But I am definitely more free if the government actually prevents
(ex-?)criminals from harming me. A sovereign is responsible when criminals
harm people; they have the ability to institute high- and low-tech measures to
vastly reduce crime. The government I'm familiar with (USG) does very little,
because of structural problems.

------
maxklein
My company is setup in singapore. Everything in singapore can be done online.
You can log into every government service using the net. Which is all very
convenient.

I think what westernerners misunderstand about singapore is exemplified by the
"press button for green man" sign:
<http://www.flickr.com/photos/greta325/4906069350/>

Singapore has a lot of people from cultures that don't pay attention to
cleanliness and orderliness. So they have very clear and obvious signs and
rules as well as punishments, so that people will conform. Westerners were
already brought up in such cultures, they don't need to be shown so
explicitly.

Also, Singapore has a lot of seedy stuff going on. They let in thai girls who
act as hostesses on 6 month working visas to work in singapore as hostesses,
for example. Singapore has organized seediness.

And if you talk to the people in singapore, almost everyone is perfectly
satisfied with what the government is doing. It has made a very high standard
of living and one of the best countries in south east asia. Why would they not
be satisfied?

------
kirvyteo
It is an old and famous article and there are some interesting facts about the
article you should know. You would think that the person charged, "Monetary
Authority of Singapore official Shanmugaratnam Tharman", would be facing the
death penalty or exiled, but sorry to disappoint you, he is now a Minister for
Finance, and with considerable clout.

Anyway, I live here and the article sounds exaggerated and over dramatized,
and at the end, I felt it was really humorous. People changed, places changed,
rules changed. A well written article doesn't make it real nor the well
rehearsed words of a politician. So to say "The author hits it spot on about
Singapore", is really bewildering.

I always like to compare the drugs laws here with the gun laws (or lack of) in
US. If you care about effectiveness or deaths, which one has ended up with
more deaths as a result of the laws based on per capita?
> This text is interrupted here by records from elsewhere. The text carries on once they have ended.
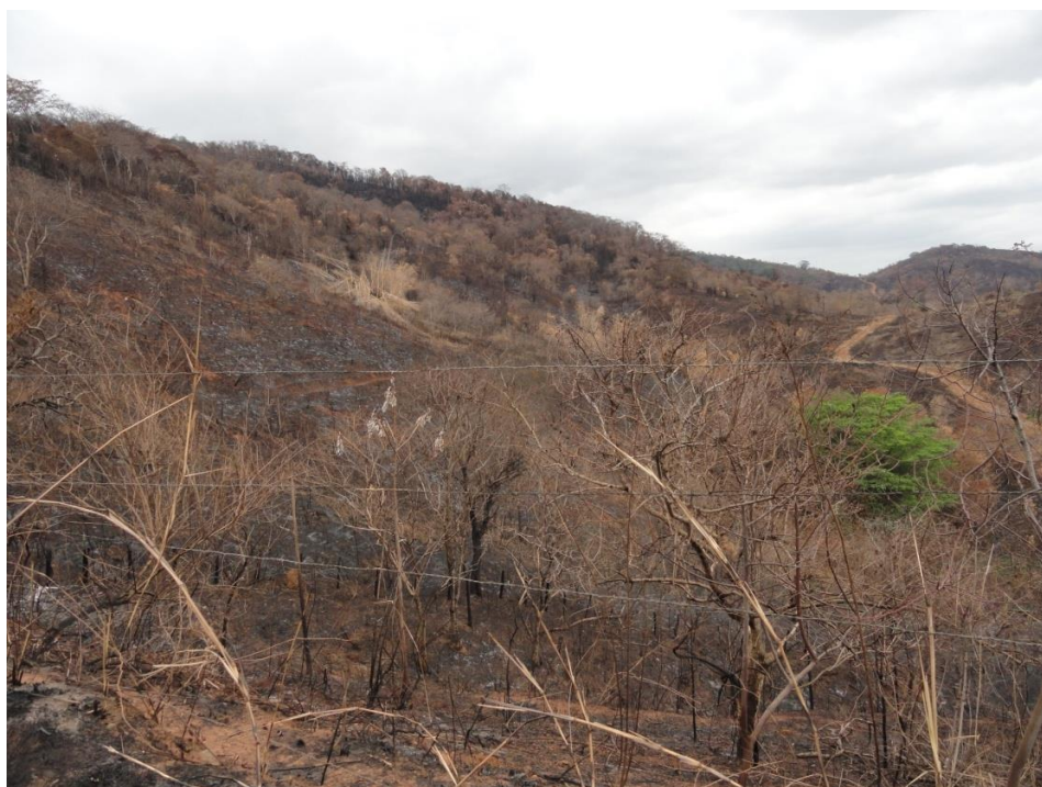
Área de pastagem com fragmentos florestais completamente queimados por ação do fogo, Levantamento Florístico e Fitossociológico da BR-262/MG, Outubro de 2014.
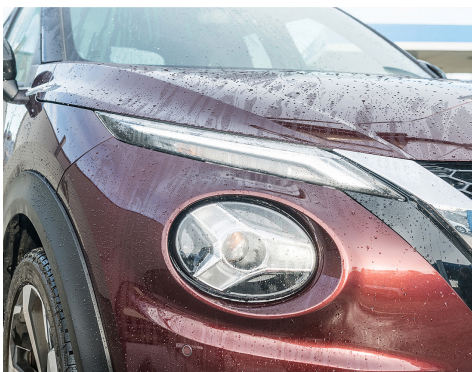
Des feux de jour en forme de faucille.
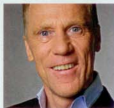
INGO FRABÖSE Medico sportivo e rettore dell'Università tedesca dello Sport di Colonia
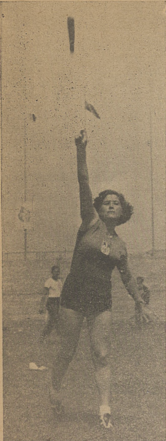
Stańko rzuca granatem
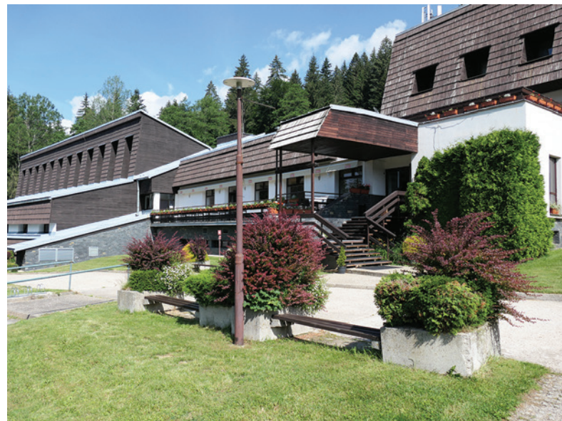
Hotel Stupka na Táľoch.

- Páči sa mi tu, bol som na Táľoch v rámci rekondičného pobytu už viackrát. Je to stále na kvalitnej úrovni, hodnotím ho pozitívne. Strava aj ubytovanie sú výborné, so všetkým som spokojný. Voľný čas máme poobede a škoda, že vtedy nemôžeme absolvovať bazény ani
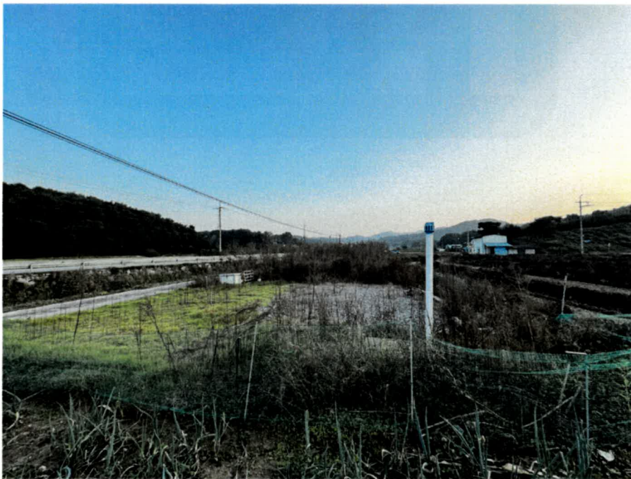
기호(2) 북측 전경
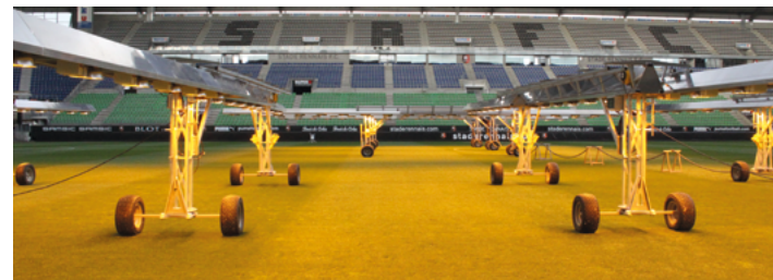
(exemple de dispositif de luminothérapie)

L'utilisation raisonnée de ce dispositif signifie une diminution au minimum de 10% d'apport de flux lumineux tout en conservant la densité végétale normative.
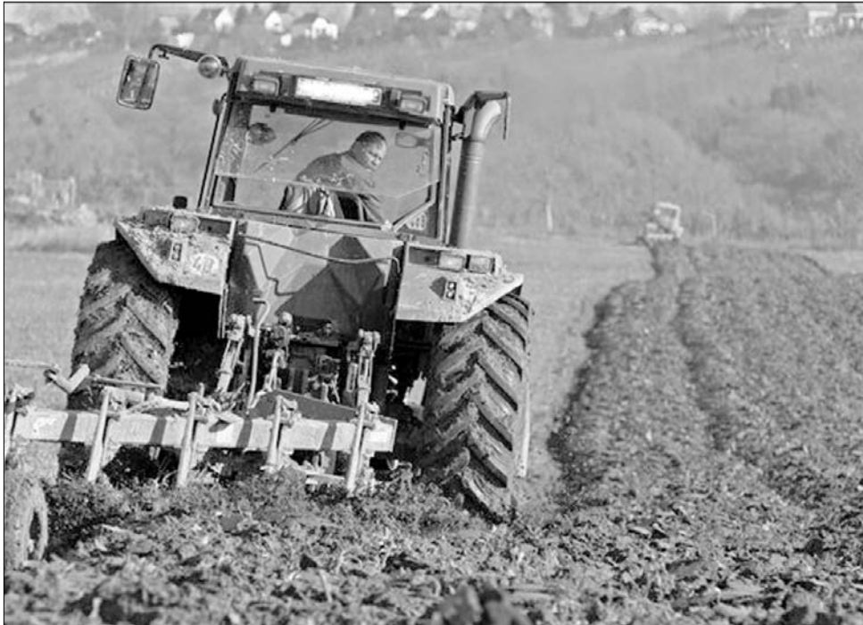
Az országban sokan visszaadták gázolajutalványokat, mert nem érdemes földet művelni

Felhasználatlan gázolajjegyek Fehér megyében is maradtak – tudtuk meg. Talvány mintegy hatszáz tonna üzemanyagra volt igény, holott sokkal több állt rendelkezésükre. A térségben az elmúlt évben 26 ezer hektár termőföldet egyáltal-
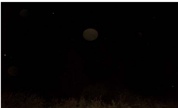
Leuvanjoen taivas 31.12.2005 klo 23.59.58

Samoin keväällä lumien sulamisen aikoihin uuden vuoden raketteilu avittaa luontoa kovasti: tasaisin välein lumessa ilmenevät mustat läiskät imevät tehokkaasti auringonvaloa ja edesauttavat lumen sulamista. Onkin todistettu, että lumi sulaa nykyisin viimeistään aikaisemmin kuin aikaisemmin myöhemmin, kuitenkin ainakin silloin kun viimeisetkin lumet ovat sulaneet! Näin kesät ovat pidempiä ja ainakin vähälumisempia, paitsi tietysti talvella mikäli silloin on lunta. Lehtemme toivottaa oikein hyvää ja antoisaa Uutta Vuotta ja muistakaa lähimmäisiänne!
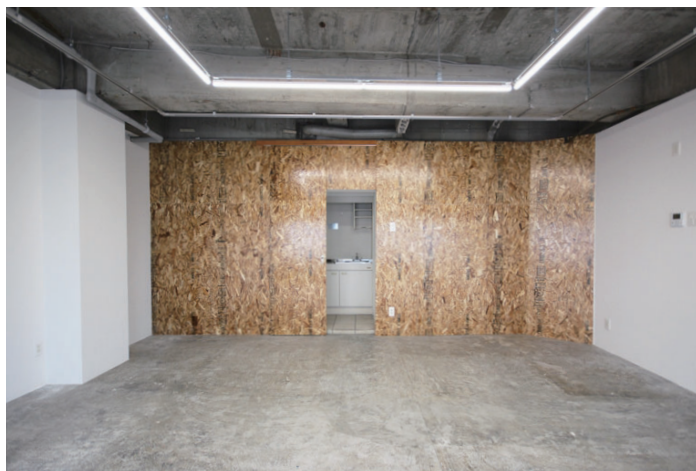
◇OSB板仕上げの壁の一体化された扉を開くと給湯スペースがあります
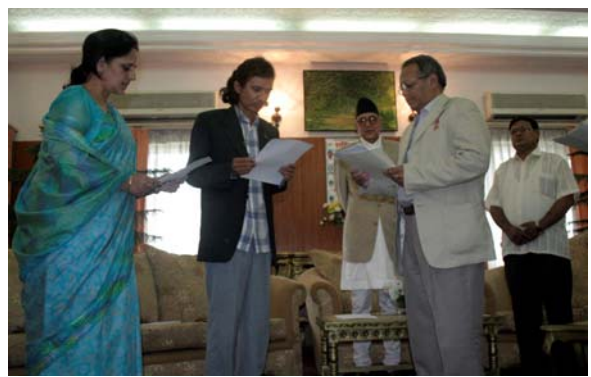
प्रधानमन्त्री र सूचना तथा संचार मन्त्रीको उपस्थितिमा आयुक्तहरूद्वारा शपथ ग्रहण

म..... मुलुक र जनताप्रति पूर्ण बफादार रही सत्य निष्ठापूर्वक प्रतिज्ञा गर्छु / ईश्वरको नाममा शपथ लिन्छु कि नेपालको राजकीय सत्ता र सार्वभौमसत्ता नेपाली जनतामा मात्र निहित रहनु पर्ने भनी जनताद्वारा जनआन्दोलन मार्फत् अभिव्यक्त भावनालाई उच्च सम्मान गर्दै मुलुकको संविधान र कानूनप्रति निष्ठावान रही आफूले ग्रहण गरेको प्रमुख सूचना आयुक्त/ सूचना आयुक्त पदको जिम्मेवारी र कर्तव्य कसैको डर, मोलाहिजा, पक्षपात, द्वेष वा लोभमा नपरी नागरिकको सुसूचित हुने हकको सम्मान गर्दै सूचनाको हक सम्बन्धी कानूनको प्रभावकारी प्रचलन र कार्यान्वयन गर्न क्रियाशील रहनेछु ।
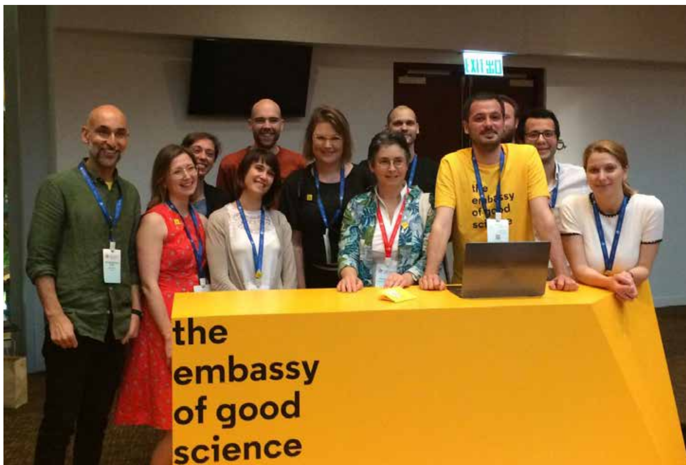
» Veleposlanici u Hong Kongu

Medicinski fakultet u Splitu. Osim našeg fakulteta, u projekt i u Embassy uključena su i sveučilišta iz cijele Europe, kao što su sveučilišta u Amsterdamu, Leuvenu, Oslu, Ankari, Ateni, Europska mreža etičkih povjerenstava te Austrijska agencija za istraživačku čestitost. Embassy je doživio svjetsku premijeru na skupu World Conference in Research Integrity u Hong Kongu 2019. godine, ali stranica se stalno mijenja i dopunjuje te će uskoro dobiti nove mogućnosti koje će olakšati suradnju korisnika, kao i lakšu izmjenu sadržaja na stranici.
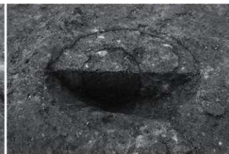
(8) SI2-SP58断面 (北東から)
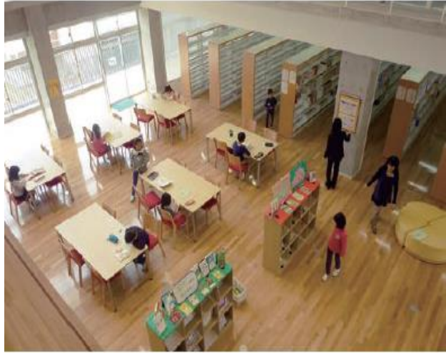
小中共用図書室(つくば市春日学園)
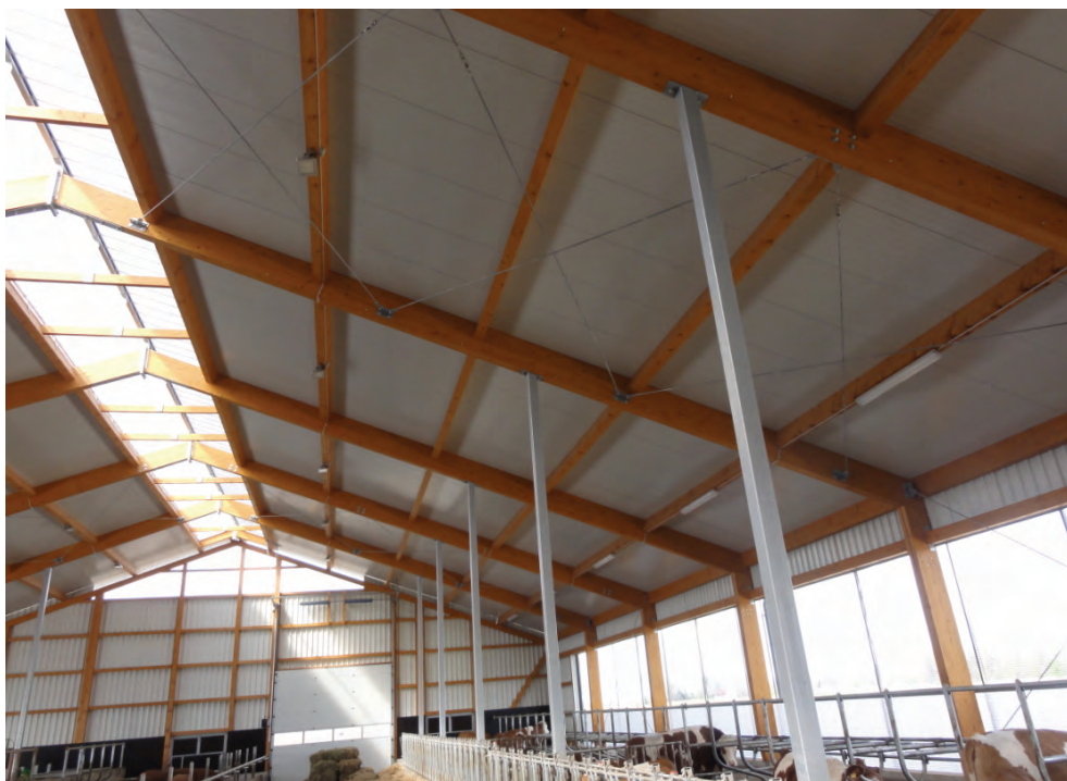
Abb. 1: Milchviehlaufstall mit LED-Beleuchtung

Im folgenden Kapitel soll daher der allgemeine Stand der Technik vorgestellt, sowie kurz auf die Vor- und Nachteile der verschiedenen Lampen eingegangen werden. Um eine näherungsweise Abschätzung der durch unterschiedliche Beleuchtungsvarianten entstehenden Investitions- und Betriebskosten zu ermöglichen, wurden eigene Berechnungen angestellt, die in Kapitel 3 Stromeinsparung und Rentabilität abgedruckt sind.
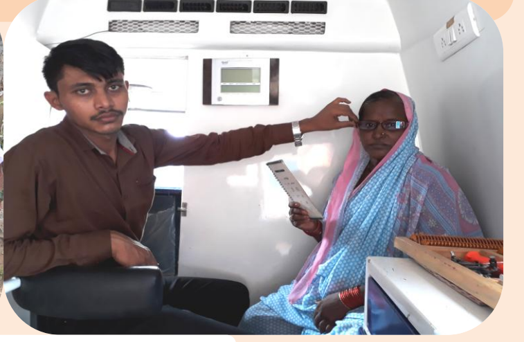
प्रौढ व्यक्तींचे नेत्र तपासणी शिबीर
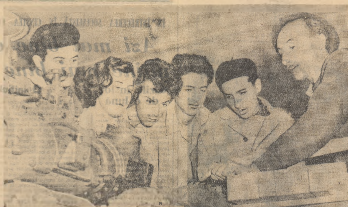
Un grup de studenți alinați în practică la I.P.R.O.F.I.L.-Măgura Codlei, primind explicații la locul de muncă.

Pînă la examenul de admitere în facultăți mai este doar puțină vreme. De aceea, preocuparea de a completa numărul candidaților la acest examen cu cei mai mulți tineri muncitori cred că ar trebui soluționată cel mai curînd. Ar fi bine ca institutele de învățămînt superior să se lege de conducerea uzinelor, cu comisiile de selecționare, să-și trimită cadrele didactice pentru a participa la activitatea acestor comisii Tinerii care vor fi recruțați pentru învățămîntul superior trebuie să aibă posibilitatea să participe la cursul de pregătire. Pentru ei ar fi bine să se formeze noi grupe de studiu cu cadrele didactice cele mai bune, astfel ca aceștia să facă față la concursul de admitere, la exigențele sporite ale acestor concursuri și să fie o preocupare permanentă, nu numai pentru acest an universitar. Treptat, în institutele de învățămînt superior vor trebui să intre mereu mai mulți tineri care au trecut prin școala producției.

(For the skeptics, oh yeah, you are right, the lee dictatorship is forcing me
to write this. Ok I am ready to be downvoted.)

------
samdk
This is fascinating. And terrifying. I can't imagine living in an environment
like this. I'd be extremely interested to know what (if anything) has changed
since 1993 when this when was written.

(Speaking of which, a (1993) in the title might be nice, since there's no date
on the print version. The original is here:
<http://www.wired.com/wired/archive/1.04/gibson.html>)

------
iantimothy
I am a Singaporean, born and raised here. Just starting out on my own after 4
plus years of enterprise work.

The one book which my secondary school teacher recommended and put how
Singapore has developed into perspective is 'The Prince'. Although I would say
my country is making some of the mistakes the book warned about.

With regards to freedom of speech, Singapore operates based on the principle
of OB markers. Many factors have contributed to the existence of these
markers, such as the turbulent times that occurred when the countries around
the region were gaining independence, the demographics of the surrounding
countries ...

Freedom of speech is great when each of us have the wisdom to know when to
exercise it or the consequences of a misplaced whisper or misguided rant may
not be catastrophic. The fear of certain things being said is from the fear of
what the unforeseen consequences might be.

If anyone has questions about Singapore, or interested in starting out here,
do contact me.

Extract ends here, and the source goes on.